▶ [PROBLEM STATEMENT]
An exact copy of the records below is needed, with every picture left out.
>>>
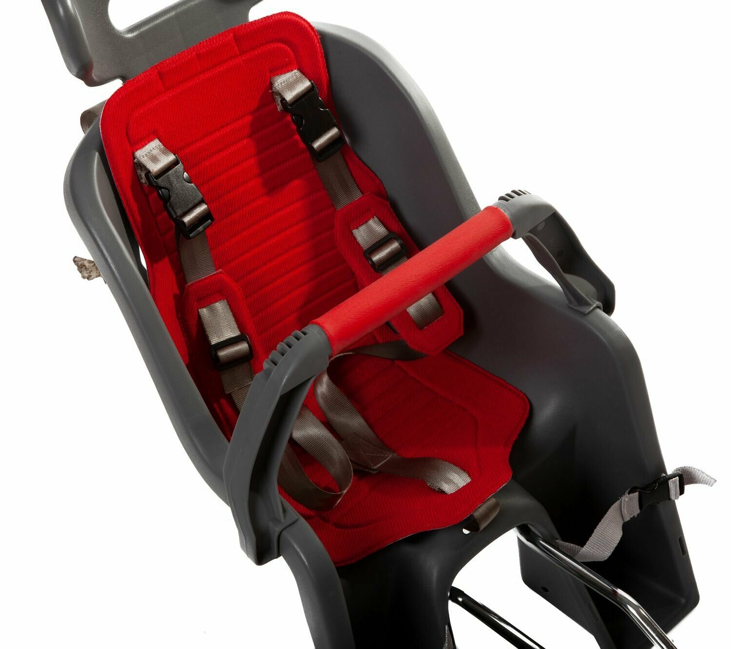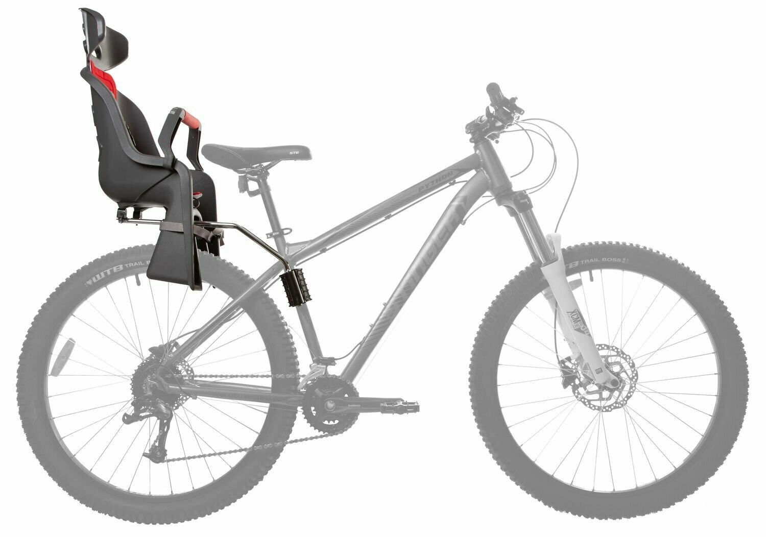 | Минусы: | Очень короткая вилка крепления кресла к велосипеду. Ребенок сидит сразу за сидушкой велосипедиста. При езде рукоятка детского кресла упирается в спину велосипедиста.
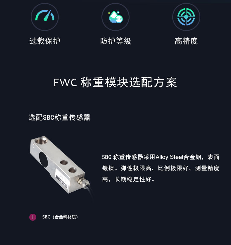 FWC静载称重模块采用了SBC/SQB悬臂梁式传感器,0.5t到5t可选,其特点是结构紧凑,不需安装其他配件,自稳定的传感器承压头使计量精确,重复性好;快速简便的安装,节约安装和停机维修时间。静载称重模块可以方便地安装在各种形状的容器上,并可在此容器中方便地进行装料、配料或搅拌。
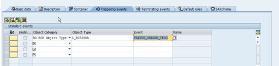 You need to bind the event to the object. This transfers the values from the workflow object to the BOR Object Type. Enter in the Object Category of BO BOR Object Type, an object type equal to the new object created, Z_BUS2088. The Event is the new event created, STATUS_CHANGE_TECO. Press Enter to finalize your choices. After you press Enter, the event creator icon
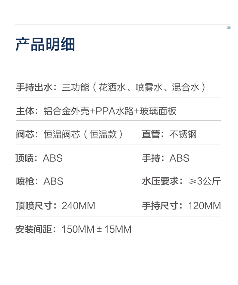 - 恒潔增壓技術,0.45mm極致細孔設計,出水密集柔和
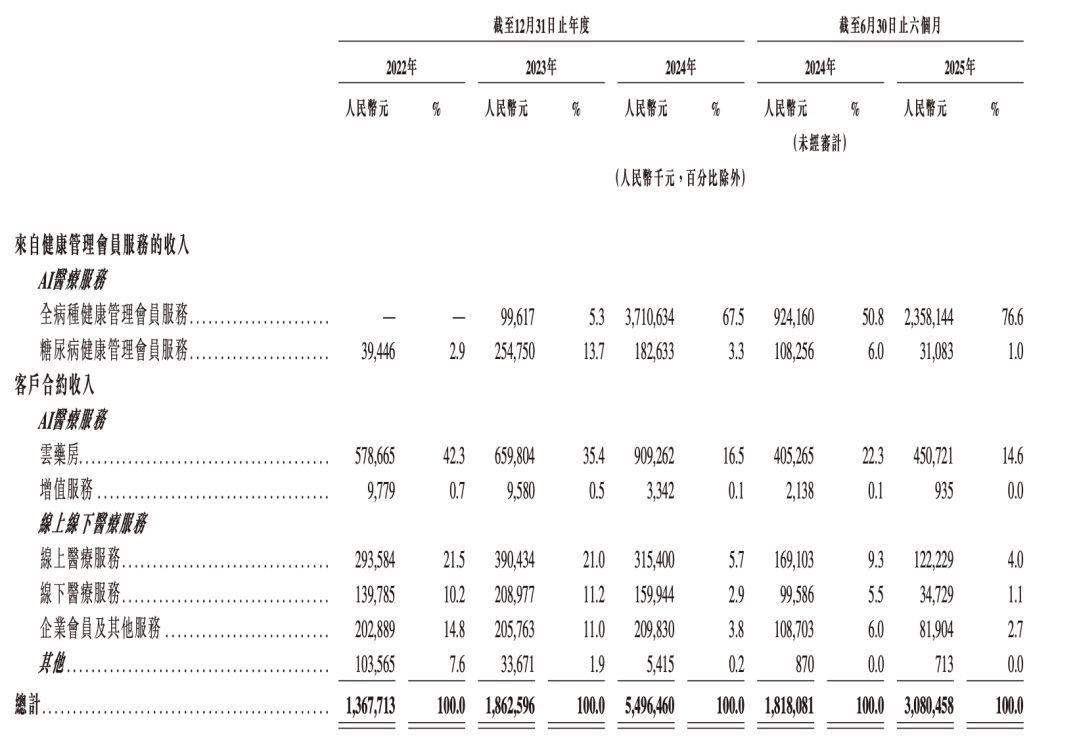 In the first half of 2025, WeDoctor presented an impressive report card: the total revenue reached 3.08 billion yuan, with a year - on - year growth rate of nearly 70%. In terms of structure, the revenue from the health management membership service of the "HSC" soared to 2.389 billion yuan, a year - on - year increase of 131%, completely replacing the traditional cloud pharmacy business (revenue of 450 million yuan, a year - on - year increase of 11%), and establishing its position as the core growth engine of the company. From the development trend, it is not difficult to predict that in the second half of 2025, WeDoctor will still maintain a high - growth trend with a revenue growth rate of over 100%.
<<<
▶ [WORKED SOLUTION]
 | Минусы: | Очень короткая вилка крепления кресла к велосипеду. Ребенок сидит сразу за сидушкой велосипедиста. При езде рукоятка детского кресла упирается в спину велосипедиста.
 FWC静载称重模块采用了SBC/SQB悬臂梁式传感器,0.5t到5t可选,其特点是结构紧凑,不需安装其他配件,自稳定的传感器承压头使计量精确,重复性好;快速简便的安装,节约安装和停机维修时间。静载称重模块可以方便地安装在各种形状的容器上,并可在此容器中方便地进行装料、配料或搅拌。
 You need to bind the event to the object. This transfers the values from the workflow object to the BOR Object Type. Enter in the Object Category of BO BOR Object Type, an object type equal to the new object created, Z_BUS2088. The Event is the new event created, STATUS_CHANGE_TECO. Press Enter to finalize your choices. After you press Enter, the event creator icon
 - 恒潔增壓技術,0.45mm極致細孔設計,出水密集柔和
 In the first half of 2025, WeDoctor presented an impressive report card: the total revenue reached 3.08 billion yuan, with a year - on - year growth rate of nearly 70%. In terms of structure, the revenue from the health management membership service of the "HSC" soared to 2.389 billion yuan, a year - on - year increase of 131%, completely replacing the traditional cloud pharmacy business (revenue of 450 million yuan, a year - on - year increase of 11%), and establishing its position as the core growth engine of the company. From the development trend, it is not difficult to predict that in the second half of 2025, WeDoctor will still maintain a high - growth trend with a revenue growth rate of over 100%.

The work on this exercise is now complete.